> [Your assignment] Give back the records below exactly, every one, with no pictures.

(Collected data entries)
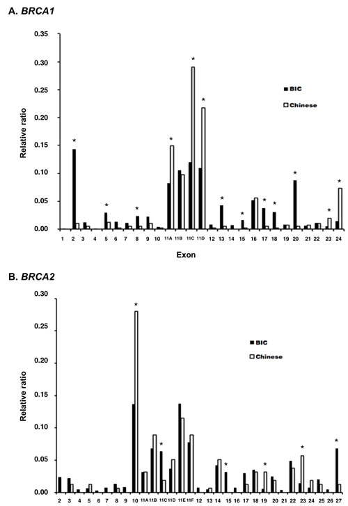 Figure 3: Comparison of exon distribution frequencies of BRCA variation between mainland Chinese and BIC populations. Relative ratios between these two datasets were used for the comparison (see text for the details). Chi square (χ2) and Fisher exact test were used for statistics analysis. “*” refers to p < 0.05 (actual P values listed in Supplementary Table 5). A. Variant distribution in BRCA1. B. Variant distribution in BRCA2.
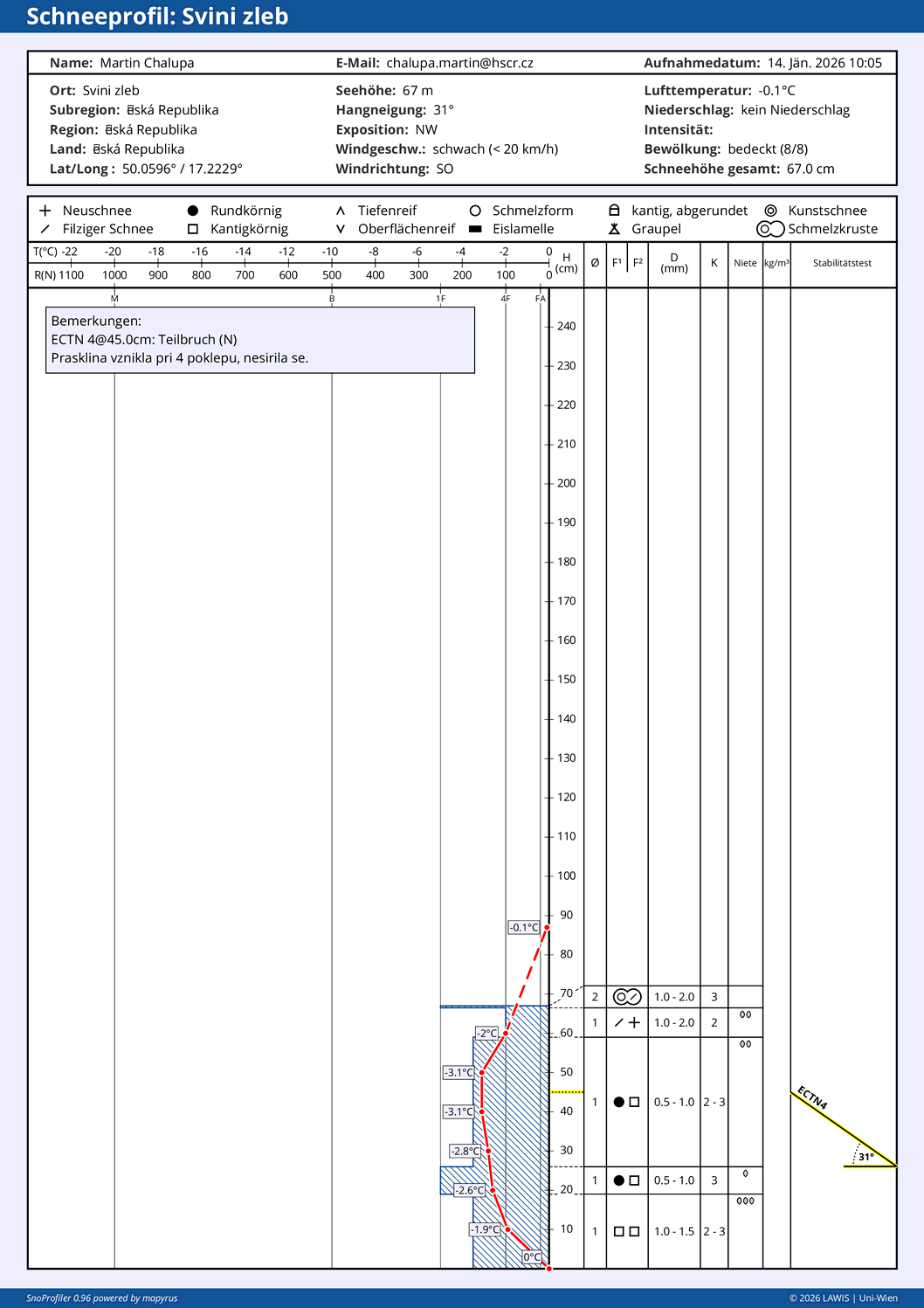 Další kritické místo je cca 30 cm pod povrchem sněhové pokrývky. Uvolnění laviny může nastat po větším dodatečném zatížení.
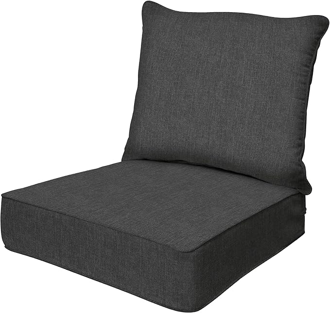 - Universal Fit – Separate seat and back cushions with universal style made to fit most outdoor deep seating and patio conversation chairs. Reversible design allows for use on either side. Seat: 24" W x 23" D; Back: 24" W x 21" H.
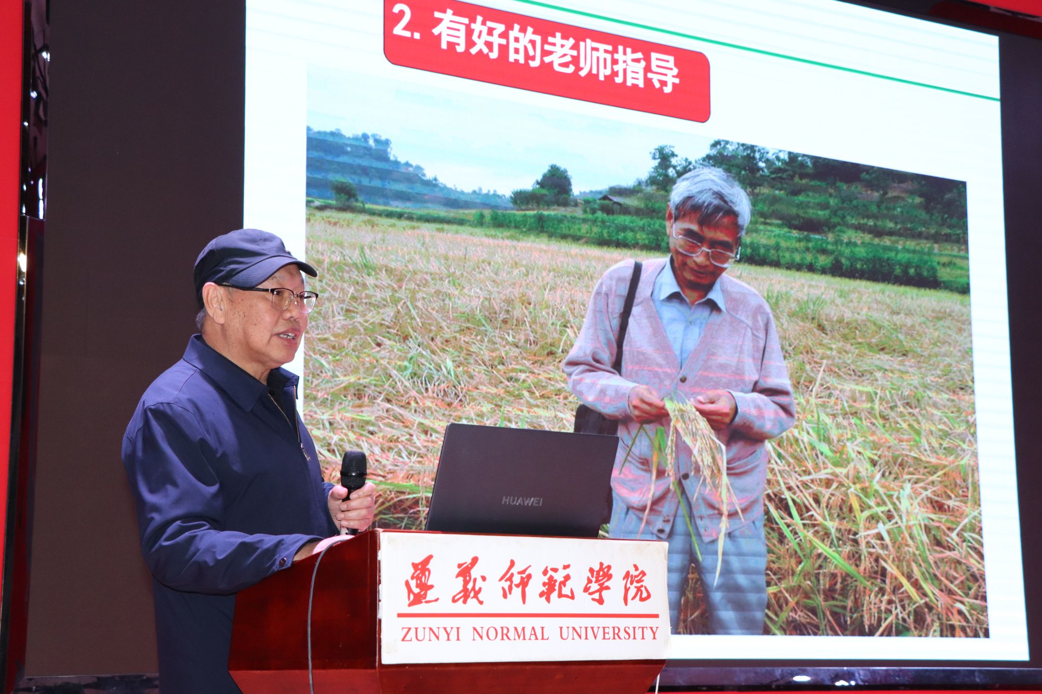 黄宗洪汇报稻作科研成果。他指出稻作对保障粮食安全、传承中华文明具有重要意义,强调团队协作与榜样力量的作用,并寄语青年学子夯实科学基础,为国家建设助力,彰显了贵州稻作科研工作者守护粮食安全的责任担当。
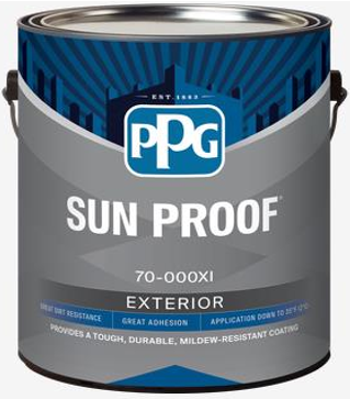 Sun Proof Exterior 100% Acrylic Latex is specifically formulated to meet the performance requirements of the residential and commercial markets. The new and improved formula provides excellent durability, great dirt resistance, low temperature application and excellent adhesion. Sun Proof can be used on properly prepared and primed new and previously painted exterior siding, doors, trim and windows. Vinyl siding and similar plastic composites should not be painted with a color darker than the original color. Painting vinyl siding or plastic composites with a darker color may cause them to warp.
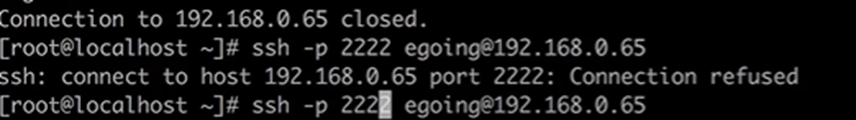 마찬가지로 2222는 거절되고 22는 접속이 된다는 건 SSH라고 하는 방식은 22번 포트를 쓴다는 것을 알 수 있다.

> [Solution for this problem]
 Figure 3: Comparison of exon distribution frequencies of BRCA variation between mainland Chinese and BIC populations. Relative ratios between these two datasets were used for the comparison (see text for the details). Chi square (χ2) and Fisher exact test were used for statistics analysis. “*” refers to p < 0.05 (actual P values listed in Supplementary Table 5). A. Variant distribution in BRCA1. B. Variant distribution in BRCA2.
 Další kritické místo je cca 30 cm pod povrchem sněhové pokrývky. Uvolnění laviny může nastat po větším dodatečném zatížení.
 - Universal Fit – Separate seat and back cushions with universal style made to fit most outdoor deep seating and patio conversation chairs. Reversible design allows for use on either side. Seat: 24" W x 23" D; Back: 24" W x 21" H.
 黄宗洪汇报稻作科研成果。他指出稻作对保障粮食安全、传承中华文明具有重要意义,强调团队协作与榜样力量的作用,并寄语青年学子夯实科学基础,为国家建设助力,彰显了贵州稻作科研工作者守护粮食安全的责任担当。
 Sun Proof Exterior 100% Acrylic Latex is specifically formulated to meet the performance requirements of the residential and commercial markets. The new and improved formula provides excellent durability, great dirt resistance, low temperature application and excellent adhesion. Sun Proof can be used on properly prepared and primed new and previously painted exterior siding, doors, trim and windows. Vinyl siding and similar plastic composites should not be painted with a color darker than the original color. Painting vinyl siding or plastic composites with a darker color may cause them to warp.
 마찬가지로 2222는 거절되고 22는 접속이 된다는 건 SSH라고 하는 방식은 22번 포트를 쓴다는 것을 알 수 있다.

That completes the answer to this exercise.